1. Sensor Element and Measuring Device First, a measuring device including a sensor element and a sensor element according to the present embodiment will be described with reference to the drawings in the order of the device configuration, the detection unit configuration, and the glucose level measurement. In this embodiment, as a sensor element and a measurement device, a continuous blood glucose measurement type glucose sensor used for measuring the glucose concentration in subcutaneous interstitial fluid, in which the target substance is glucose in subcutaneous interstitial fluid. Although an example is given and demonstrated, this invention is not limited to this aspect.

1.1. Apparatus Configuration A measuring apparatus according to an embodiment of the present invention includes a sensor element according to an embodiment of the present invention.

  FIG. 1 is a perspective view schematically showing a state in which the sensor element 100 and the measuring device 101 according to the embodiment of the present invention are connected, and FIG. 2 is a schematic view in which the needle part 121 is pulled out from the sensor element 100. FIG. FIG. 3 is a side view showing a state where the sensor element 100 is attached to the skin, and FIG. 4 is an enlarged cross-sectional view showing a cannula 111 provided in the sensor element 100.

  The measuring apparatus 101 shown in FIG. 1 is used by connecting the sensor element 100 to the measuring apparatus 101 shown in FIG. 1, and processing for analyzing the sensor element 100 and the current value obtained by the sensor element 100. An arithmetic device 210 including the circuit 200, a display unit 155 including a monitor 151 that displays a measurement value obtained by the arithmetic device 210, and a connector 131 that attaches (connects) the sensor element 100 to the display unit 155. And a wiring 132 for connecting the processing circuit 200 and the connector 131.

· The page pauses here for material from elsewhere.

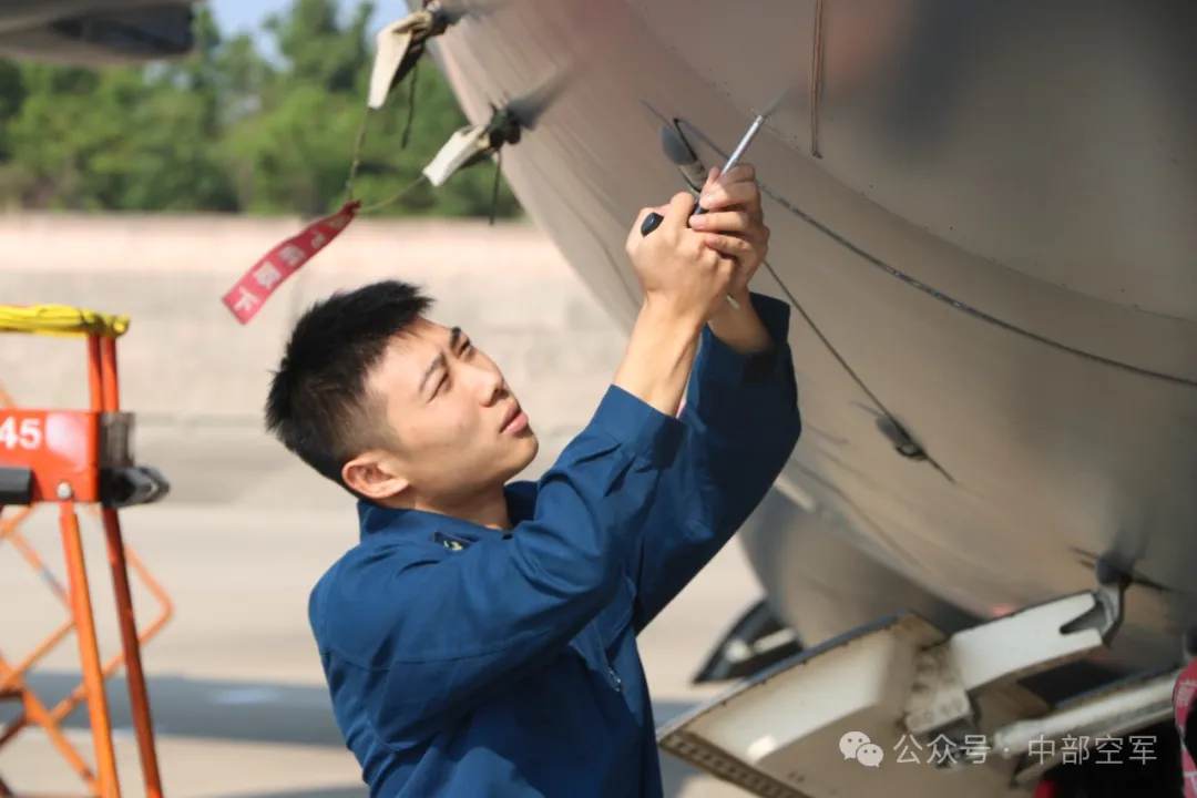 机务官兵熟练地使用工具

  As shown in FIG. 1-3, the sensor element 100 has a main body part 110 having a dome shape as a whole, and a removable part 120 that is detachable from the main body part 110 and includes a needle part 121 on the distal end side. Have

  As shown in FIG. 2, the detachable portion 120 includes a grip portion 122 located on the proximal end side and a needle portion 121 located on the distal end side. The needle part 121 is formed in a semi-cylindrical shape as a whole, and is sharply formed on the tip side. The needle part 121 surrounds a part of the side surface of the cannula 111 by penetrating the through-hole 112 and projecting from the lower surface of the main body part 110 when the detachable part 120 is attached to the main body part 110. It is configured to mate with the cannula 111 (see FIG. 4).

  As shown in FIG. 3, the main body 110 has an adhesive layer (not shown) on the lower surface 110 a and is inserted into the subcutaneous tissue 502 from the epidermis 501 and collected by sucking subcutaneous interstitial fluid. Projectingly formed. The cannula 111 is connected to a through hole 112 formed through the main body 110 from the upper surface 110b toward the lower surface 110a.

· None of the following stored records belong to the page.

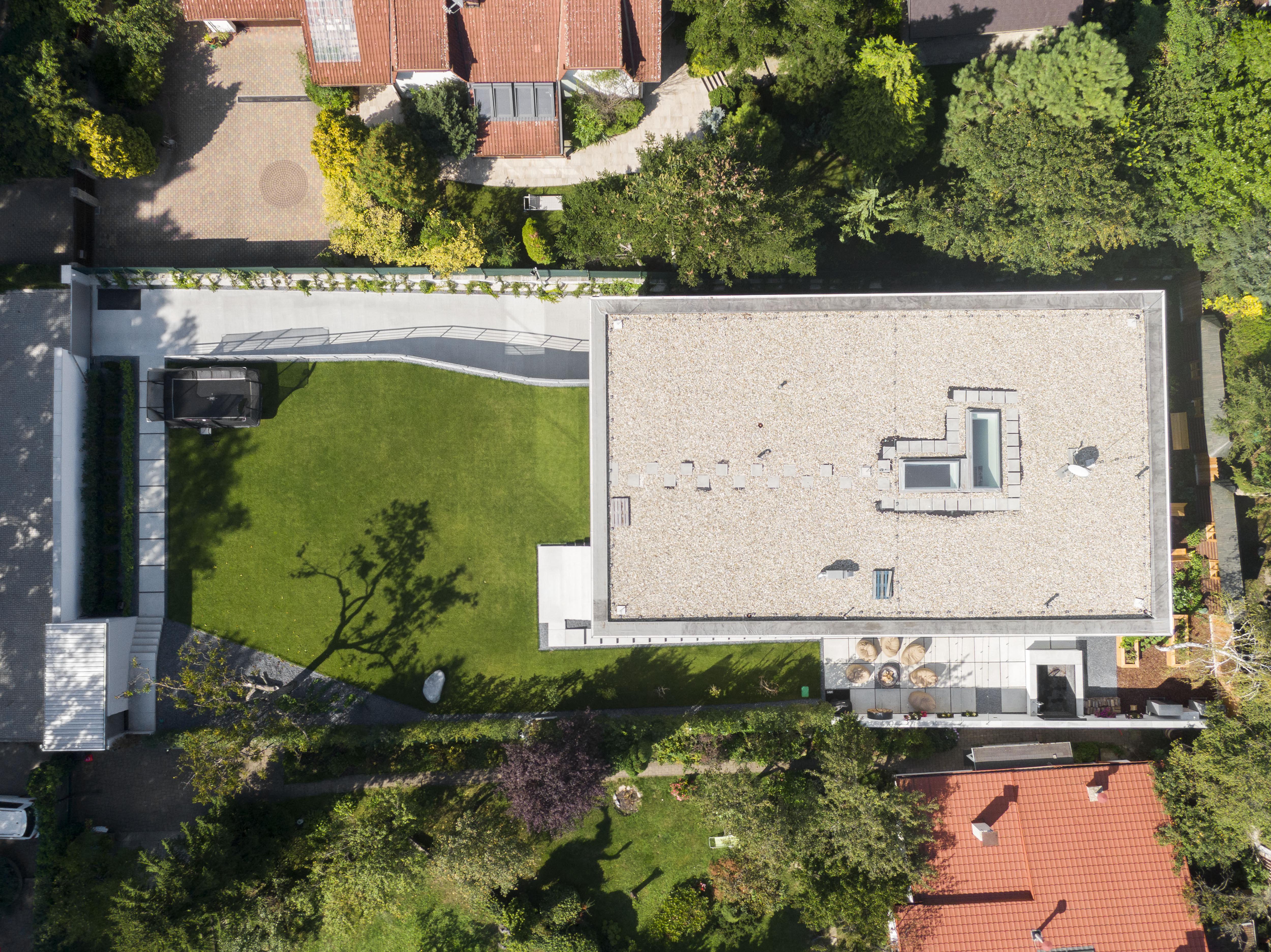 Charakteristickou črtou návrhu je prepojenie exteriéru a interiéru, ktoré sa deje na niekoľkých úrovniach. Hlavný obytný priestor je cez plne presklenú čelnú fasádu prepojený s terasou, záhradou aj s prírodnou kulisou Horského parku.
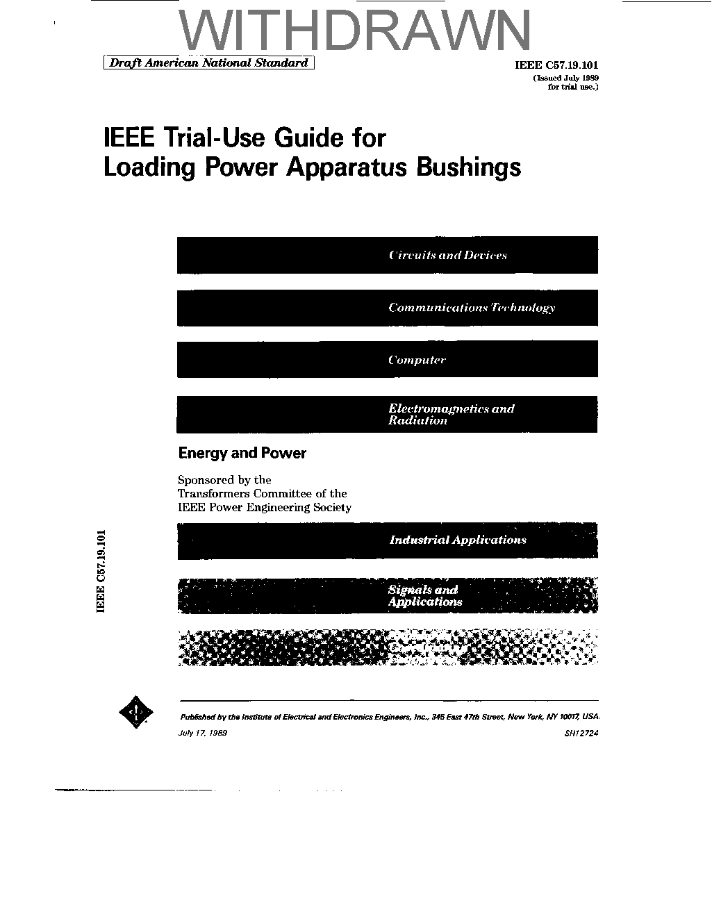 Electrical, dimensional, and related requirements for outdoor power- class apparatus bushings that have basic impulse insulation levels of 110 kV and higher are covered. Specific values for dimensional and related requirements that are to be interpreted, measured, or tested in accordance with IEEE C57.19.00-1991 are provided. Bushings covered by this standard are intended for use as components of oil-filled transformers, oil-filled reactors, and oil circuit breakers
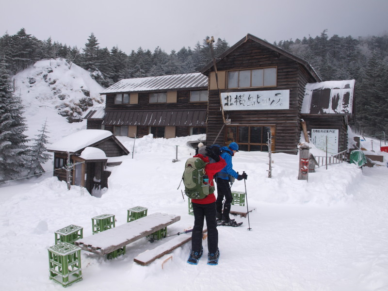 13:03 小屋の前でアイゼンからスノーシューに履き替えて下ります。
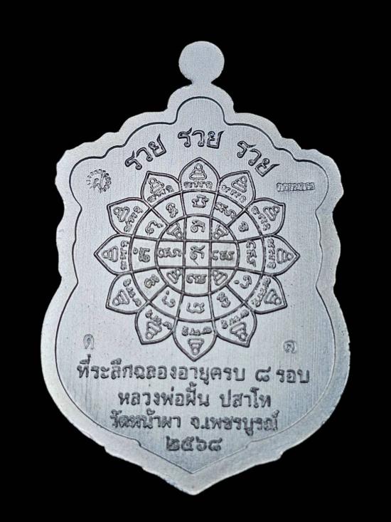 หลวงปู่ฝั้น ปสาโท วัดหน้าผา จ.เพชรบูรณ์ (เนื้ออาบเงินฝังพลอยแดง เลข 1) |
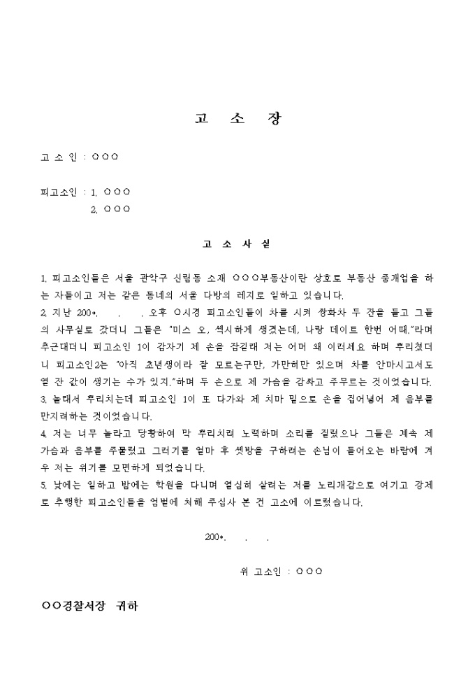 9,000원/월피고소인들은 서울 관악구 신림동 소재 ○○○부동산이란 상호로 부동산 중개업을 하는 자들이고 저는 같은 동네의 서울 다방의 레지로 일하고 있습니다.
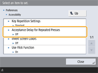 <Acceptance Delay for Repeated Presses> | <On>, <Off> <On>: 0.1 to 1.0 sec. | Yes | Yes | No | C | Settings/Registration Basic Information |
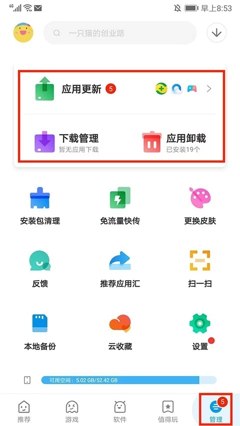 1、启动应用汇旧版本,进入应用主界面后,底部设有推荐、游戏、软件、值得玩和管理等分类板块。用户既能依据自身需求,在相应分类中查找所需的应用或游戏,也可借助顶部的搜索框输入关键词来精准搜索。

  In the sensor element 100 having such a configuration, when the detachable portion 120 is attached to the main body portion 110, the needle portion 121 is inserted into the through hole 112 of the main body portion 110 while the grip portion 122 is gripped. (See FIG. 1). On the other hand, when the detachable part 120 is removed from the main body part 110, it is performed by pulling out the needle part 121 while holding the grip part 122 (see FIG. 2). As described above, the detachable portion 120 of the sensor element 100 according to the present embodiment is configured to be detachable from the main body portion 110.

  When attaching the sensor element 100 to the epidermis 501, as shown in FIG. 3, the lower surface 110a of the main body 110 is brought into contact with the epidermis 501 and the needle part 121 with the cannula 111 is pierced into the epidermis 501. This causes the needle 121 and cannula 111 to be inserted into the subcutaneous tissue 502. Thereby, the main body 110 is fixed to the epidermis 501, and the cannula 111 is placed in the subcutaneous tissue 502 by the guidance of the needle 121 of the detachable part 120.

  Next, by grasping the grasping part 122 and detaching the attaching / detaching part 120 from the main body part 110, with the cannula 111 inserted (remaining) in the subcutaneous tissue 502, the needle part 121 is pulled out from the subcutaneous tissue 502. remove. In this way, only the main body part 110 of the sensor element 100 can be attached to the epidermis 501, and the needle part 121 of the detachable part 120 allows the cannula 111 to be percutaneously attached when the main body part 110 is attached to the epidermis 501. In particular, it is used as a guide member for placement into the subcutaneous tissue 502.

  As shown in FIG. 4, the cannula 111 is formed in a cylindrical shape as a whole, and has a hollow portion 114 formed of a communication hole (through hole) communicating from the base end to the tip connected to the lower surface 110 a of the main body 110. , And a window portion 113 that opens the hollow portion 114 to the outside of the cannula 111.

  The hollow portion 114 is provided with a detection unit 300 included in the main body 110. Interstitial fluid contained in the detection unit 300 by moving from the blood vessel 503 to the subcutaneous tissue 502 comes into contact with the detection unit 300 through the window 113, and the detection unit 300 can detect glucose in the interstitial fluid. . By attaching the main body 110 to the epidermis 501, the cannula 111 can be placed in the subcutaneous tissue 502 over a long period of time, so that glucose in the interstitial fluid can be detected continuously. As described above, the sensor element 100 according to the embodiment of the present invention is used as a CGMS (continuous glucose monitoring system) for continuously observing the glucose value in the interstitial fluid.

1.2. Configuration of Detection Unit Next, the detection unit 300 included in the main body 110 will be described. FIG. 5 is a plan view showing the detection unit 300 included in the main body 110 of the sensor element 100 according to the present embodiment, and FIG. 6 is a cross-sectional view showing the detection unit 300.

As shown in FIGS. 5 and 6, the detection unit 300 includes a substrate (base) 301 and an electrode layer 315.
And a detection layer 321.

1.2.1. Substrate The substrate 301 supports each part (in this embodiment, the electrode layer 315 and the detection layer 321) constituting the detection unit 300.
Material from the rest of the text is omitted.